Entries shown -
##########
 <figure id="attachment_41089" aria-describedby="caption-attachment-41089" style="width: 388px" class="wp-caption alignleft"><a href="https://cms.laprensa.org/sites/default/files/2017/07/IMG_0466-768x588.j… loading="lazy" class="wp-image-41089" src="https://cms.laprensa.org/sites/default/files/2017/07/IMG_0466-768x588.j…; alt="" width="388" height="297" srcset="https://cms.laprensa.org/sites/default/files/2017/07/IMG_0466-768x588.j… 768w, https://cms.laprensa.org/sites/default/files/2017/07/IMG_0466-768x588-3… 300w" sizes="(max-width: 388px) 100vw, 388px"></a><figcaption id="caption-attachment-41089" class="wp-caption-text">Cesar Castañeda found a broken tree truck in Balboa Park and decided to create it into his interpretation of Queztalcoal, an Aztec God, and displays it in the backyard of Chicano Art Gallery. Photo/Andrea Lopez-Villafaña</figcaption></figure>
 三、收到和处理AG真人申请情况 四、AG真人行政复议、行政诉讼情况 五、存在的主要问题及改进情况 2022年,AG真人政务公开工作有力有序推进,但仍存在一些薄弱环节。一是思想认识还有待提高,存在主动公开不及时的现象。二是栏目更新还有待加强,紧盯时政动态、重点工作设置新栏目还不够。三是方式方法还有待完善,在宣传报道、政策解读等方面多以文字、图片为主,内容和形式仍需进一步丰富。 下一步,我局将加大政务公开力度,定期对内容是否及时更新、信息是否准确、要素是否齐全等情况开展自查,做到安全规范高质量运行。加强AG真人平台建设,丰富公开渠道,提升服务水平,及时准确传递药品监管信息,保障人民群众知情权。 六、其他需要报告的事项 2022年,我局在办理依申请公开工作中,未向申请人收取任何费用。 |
##########
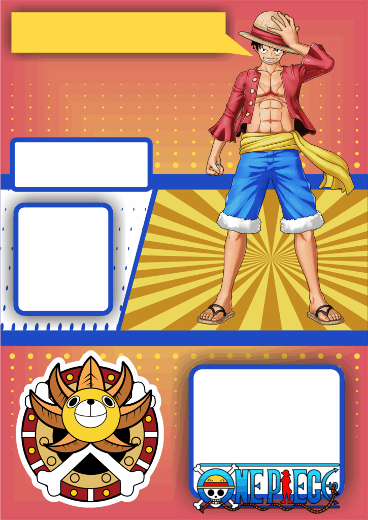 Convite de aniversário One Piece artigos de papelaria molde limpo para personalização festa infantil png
##########
What you are asked to do -
Give back precisely the lines above that start at the line containing "Gallery. Photo/Andrea Lopez-Villafaña</figcaption></figure>" and end at the line containing "三、收到和处理AG真人申请情况 四、AG真人行政复议、行政诉讼情况 五、存在的主要问题及改进情况", inclusive. No other lines belong in the output.

Written solution -
 <figure id="attachment_41089" aria-describedby="caption-attachment-41089" style="width: 388px" class="wp-caption alignleft"><a href="https://cms.laprensa.org/sites/default/files/2017/07/IMG_0466-768x588.j… loading="lazy" class="wp-image-41089" src="https://cms.laprensa.org/sites/default/files/2017/07/IMG_0466-768x588.j…; alt="" width="388" height="297" srcset="https://cms.laprensa.org/sites/default/files/2017/07/IMG_0466-768x588.j… 768w, https://cms.laprensa.org/sites/default/files/2017/07/IMG_0466-768x588-3… 300w" sizes="(max-width: 388px) 100vw, 388px"></a><figcaption id="caption-attachment-41089" class="wp-caption-text">Cesar Castañeda found a broken tree truck in Balboa Park and decided to create it into his interpretation of Queztalcoal, an Aztec God, and displays it in the backyard of Chicano Art Gallery. Photo/Andrea Lopez-Villafaña</figcaption></figure>
 三、收到和处理AG真人申请情况 四、AG真人行政复议、行政诉讼情况 五、存在的主要问题及改进情况 2022年,AG真人政务公开工作有力有序推进,但仍存在一些薄弱环节。一是思想认识还有待提高,存在主动公开不及时的现象。二是栏目更新还有待加强,紧盯时政动态、重点工作设置新栏目还不够。三是方式方法还有待完善,在宣传报道、政策解读等方面多以文字、图片为主,内容和形式仍需进一步丰富。 下一步,我局将加大政务公开力度,定期对内容是否及时更新、信息是否准确、要素是否齐全等情况开展自查,做到安全规范高质量运行。加强AG真人平台建设,丰富公开渠道,提升服务水平,及时准确传递药品监管信息,保障人民群众知情权。 六、其他需要报告的事项 2022年,我局在办理依申请公开工作中,未向申请人收取任何费用。 |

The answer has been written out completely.